EXERCISE PROMPT:
Every record that follows should appear again in your answer, exactly the same.

**** TASK DATA ****

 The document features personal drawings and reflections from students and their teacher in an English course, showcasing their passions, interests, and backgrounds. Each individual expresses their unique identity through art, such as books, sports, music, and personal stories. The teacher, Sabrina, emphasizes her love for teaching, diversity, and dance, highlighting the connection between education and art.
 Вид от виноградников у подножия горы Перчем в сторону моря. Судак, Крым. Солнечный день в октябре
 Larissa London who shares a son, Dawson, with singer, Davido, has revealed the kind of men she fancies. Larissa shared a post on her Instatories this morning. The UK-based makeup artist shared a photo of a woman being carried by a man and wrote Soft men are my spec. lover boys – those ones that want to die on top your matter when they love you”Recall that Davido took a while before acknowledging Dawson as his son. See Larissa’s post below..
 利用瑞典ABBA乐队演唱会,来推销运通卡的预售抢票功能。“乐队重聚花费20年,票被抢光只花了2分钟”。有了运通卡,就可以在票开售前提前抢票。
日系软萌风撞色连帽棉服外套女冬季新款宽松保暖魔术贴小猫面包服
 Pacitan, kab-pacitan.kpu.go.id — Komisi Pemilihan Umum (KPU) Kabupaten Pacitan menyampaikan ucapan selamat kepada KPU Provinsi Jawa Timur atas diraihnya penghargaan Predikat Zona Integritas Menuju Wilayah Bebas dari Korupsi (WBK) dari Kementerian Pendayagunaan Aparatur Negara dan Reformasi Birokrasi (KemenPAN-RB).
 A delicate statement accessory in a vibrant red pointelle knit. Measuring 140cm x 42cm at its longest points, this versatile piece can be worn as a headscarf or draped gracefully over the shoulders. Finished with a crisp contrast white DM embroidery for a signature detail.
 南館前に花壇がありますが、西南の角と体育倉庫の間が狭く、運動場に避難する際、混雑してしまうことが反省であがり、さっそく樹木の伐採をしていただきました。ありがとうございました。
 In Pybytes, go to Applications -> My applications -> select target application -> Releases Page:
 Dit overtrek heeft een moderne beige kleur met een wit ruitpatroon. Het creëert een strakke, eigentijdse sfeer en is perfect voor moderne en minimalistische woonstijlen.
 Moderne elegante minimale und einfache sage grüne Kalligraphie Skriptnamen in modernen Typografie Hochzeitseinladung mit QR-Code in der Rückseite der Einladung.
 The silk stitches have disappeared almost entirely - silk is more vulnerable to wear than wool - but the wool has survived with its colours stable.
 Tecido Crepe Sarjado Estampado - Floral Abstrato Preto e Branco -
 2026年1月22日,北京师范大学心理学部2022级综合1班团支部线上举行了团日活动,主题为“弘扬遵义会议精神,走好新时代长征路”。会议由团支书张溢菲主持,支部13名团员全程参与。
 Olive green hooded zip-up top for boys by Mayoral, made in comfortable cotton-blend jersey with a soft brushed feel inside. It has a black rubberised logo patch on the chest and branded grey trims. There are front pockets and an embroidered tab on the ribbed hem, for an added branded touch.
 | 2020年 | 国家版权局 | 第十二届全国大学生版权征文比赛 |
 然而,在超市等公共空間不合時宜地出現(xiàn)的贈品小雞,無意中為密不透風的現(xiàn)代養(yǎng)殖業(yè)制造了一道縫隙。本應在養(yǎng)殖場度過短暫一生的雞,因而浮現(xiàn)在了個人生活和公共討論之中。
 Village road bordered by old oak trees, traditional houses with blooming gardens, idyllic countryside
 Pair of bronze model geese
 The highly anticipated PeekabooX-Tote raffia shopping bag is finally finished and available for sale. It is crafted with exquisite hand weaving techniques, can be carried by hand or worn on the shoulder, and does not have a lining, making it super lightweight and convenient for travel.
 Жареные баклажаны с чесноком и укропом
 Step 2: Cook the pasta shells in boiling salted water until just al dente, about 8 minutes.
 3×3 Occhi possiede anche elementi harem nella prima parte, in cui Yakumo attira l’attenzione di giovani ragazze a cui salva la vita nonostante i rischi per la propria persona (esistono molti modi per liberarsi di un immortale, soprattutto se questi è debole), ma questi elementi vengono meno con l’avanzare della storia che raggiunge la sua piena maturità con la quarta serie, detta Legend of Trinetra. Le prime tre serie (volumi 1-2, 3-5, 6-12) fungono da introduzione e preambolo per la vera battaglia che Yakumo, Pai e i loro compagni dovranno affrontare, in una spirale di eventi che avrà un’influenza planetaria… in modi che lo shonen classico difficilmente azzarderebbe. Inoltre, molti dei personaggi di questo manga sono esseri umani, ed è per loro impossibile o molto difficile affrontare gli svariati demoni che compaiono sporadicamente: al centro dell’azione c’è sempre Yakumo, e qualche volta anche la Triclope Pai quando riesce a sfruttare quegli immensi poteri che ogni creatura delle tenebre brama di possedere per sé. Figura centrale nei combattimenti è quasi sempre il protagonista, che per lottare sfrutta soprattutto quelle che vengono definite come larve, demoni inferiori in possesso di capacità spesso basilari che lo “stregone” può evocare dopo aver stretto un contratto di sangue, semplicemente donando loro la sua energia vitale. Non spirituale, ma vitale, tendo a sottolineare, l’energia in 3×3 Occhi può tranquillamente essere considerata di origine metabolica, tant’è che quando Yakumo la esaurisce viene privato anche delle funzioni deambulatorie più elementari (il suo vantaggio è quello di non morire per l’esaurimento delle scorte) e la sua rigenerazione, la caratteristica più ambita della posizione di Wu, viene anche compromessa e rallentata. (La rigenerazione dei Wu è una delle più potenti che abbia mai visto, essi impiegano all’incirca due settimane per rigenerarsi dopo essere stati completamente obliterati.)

****

WRITTEN SOLUTION:
 The document features personal drawings and reflections from students and their teacher in an English course, showcasing their passions, interests, and backgrounds. Each individual expresses their unique identity through art, such as books, sports, music, and personal stories. The teacher, Sabrina, emphasizes her love for teaching, diversity, and dance, highlighting the connection between education and art.
 Вид от виноградников у подножия горы Перчем в сторону моря. Судак, Крым. Солнечный день в октябре
 Larissa London who shares a son, Dawson, with singer, Davido, has revealed the kind of men she fancies. Larissa shared a post on her Instatories this morning. The UK-based makeup artist shared a photo of a woman being carried by a man and wrote Soft men are my spec. lover boys – those ones that want to die on top your matter when they love you”Recall that Davido took a while before acknowledging Dawson as his son. See Larissa’s post below..
 利用瑞典ABBA乐队演唱会,来推销运通卡的预售抢票功能。“乐队重聚花费20年,票被抢光只花了2分钟”。有了运通卡,就可以在票开售前提前抢票。
日系软萌风撞色连帽棉服外套女冬季新款宽松保暖魔术贴小猫面包服
 Pacitan, kab-pacitan.kpu.go.id — Komisi Pemilihan Umum (KPU) Kabupaten Pacitan menyampaikan ucapan selamat kepada KPU Provinsi Jawa Timur atas diraihnya penghargaan Predikat Zona Integritas Menuju Wilayah Bebas dari Korupsi (WBK) dari Kementerian Pendayagunaan Aparatur Negara dan Reformasi Birokrasi (KemenPAN-RB).
 A delicate statement accessory in a vibrant red pointelle knit. Measuring 140cm x 42cm at its longest points, this versatile piece can be worn as a headscarf or draped gracefully over the shoulders. Finished with a crisp contrast white DM embroidery for a signature detail.
 南館前に花壇がありますが、西南の角と体育倉庫の間が狭く、運動場に避難する際、混雑してしまうことが反省であがり、さっそく樹木の伐採をしていただきました。ありがとうございました。
 In Pybytes, go to Applications -> My applications -> select target application -> Releases Page:
 Dit overtrek heeft een moderne beige kleur met een wit ruitpatroon. Het creëert een strakke, eigentijdse sfeer en is perfect voor moderne en minimalistische woonstijlen.
 Moderne elegante minimale und einfache sage grüne Kalligraphie Skriptnamen in modernen Typografie Hochzeitseinladung mit QR-Code in der Rückseite der Einladung.
 The silk stitches have disappeared almost entirely - silk is more vulnerable to wear than wool - but the wool has survived with its colours stable.
 Tecido Crepe Sarjado Estampado - Floral Abstrato Preto e Branco -
 2026年1月22日,北京师范大学心理学部2022级综合1班团支部线上举行了团日活动,主题为“弘扬遵义会议精神,走好新时代长征路”。会议由团支书张溢菲主持,支部13名团员全程参与。
 Olive green hooded zip-up top for boys by Mayoral, made in comfortable cotton-blend jersey with a soft brushed feel inside. It has a black rubberised logo patch on the chest and branded grey trims. There are front pockets and an embroidered tab on the ribbed hem, for an added branded touch.
 | 2020年 | 国家版权局 | 第十二届全国大学生版权征文比赛 |
 然而,在超市等公共空間不合時宜地出現(xiàn)的贈品小雞,無意中為密不透風的現(xiàn)代養(yǎng)殖業(yè)制造了一道縫隙。本應在養(yǎng)殖場度過短暫一生的雞,因而浮現(xiàn)在了個人生活和公共討論之中。
 Village road bordered by old oak trees, traditional houses with blooming gardens, idyllic countryside
 Pair of bronze model geese
 The highly anticipated PeekabooX-Tote raffia shopping bag is finally finished and available for sale. It is crafted with exquisite hand weaving techniques, can be carried by hand or worn on the shoulder, and does not have a lining, making it super lightweight and convenient for travel.
 Жареные баклажаны с чесноком и укропом
 Step 2: Cook the pasta shells in boiling salted water until just al dente, about 8 minutes.
 3×3 Occhi possiede anche elementi harem nella prima parte, in cui Yakumo attira l’attenzione di giovani ragazze a cui salva la vita nonostante i rischi per la propria persona (esistono molti modi per liberarsi di un immortale, soprattutto se questi è debole), ma questi elementi vengono meno con l’avanzare della storia che raggiunge la sua piena maturità con la quarta serie, detta Legend of Trinetra. Le prime tre serie (volumi 1-2, 3-5, 6-12) fungono da introduzione e preambolo per la vera battaglia che Yakumo, Pai e i loro compagni dovranno affrontare, in una spirale di eventi che avrà un’influenza planetaria… in modi che lo shonen classico difficilmente azzarderebbe. Inoltre, molti dei personaggi di questo manga sono esseri umani, ed è per loro impossibile o molto difficile affrontare gli svariati demoni che compaiono sporadicamente: al centro dell’azione c’è sempre Yakumo, e qualche volta anche la Triclope Pai quando riesce a sfruttare quegli immensi poteri che ogni creatura delle tenebre brama di possedere per sé. Figura centrale nei combattimenti è quasi sempre il protagonista, che per lottare sfrutta soprattutto quelle che vengono definite come larve, demoni inferiori in possesso di capacità spesso basilari che lo “stregone” può evocare dopo aver stretto un contratto di sangue, semplicemente donando loro la sua energia vitale. Non spirituale, ma vitale, tendo a sottolineare, l’energia in 3×3 Occhi può tranquillamente essere considerata di origine metabolica, tant’è che quando Yakumo la esaurisce viene privato anche delle funzioni deambulatorie più elementari (il suo vantaggio è quello di non morire per l’esaurimento delle scorte) e la sua rigenerazione, la caratteristica più ambita della posizione di Wu, viene anche compromessa e rallentata. (La rigenerazione dei Wu è una delle più potenti che abbia mai visto, essi impiegano all’incirca due settimane per rigenerarsi dopo essere stati completamente obliterati.)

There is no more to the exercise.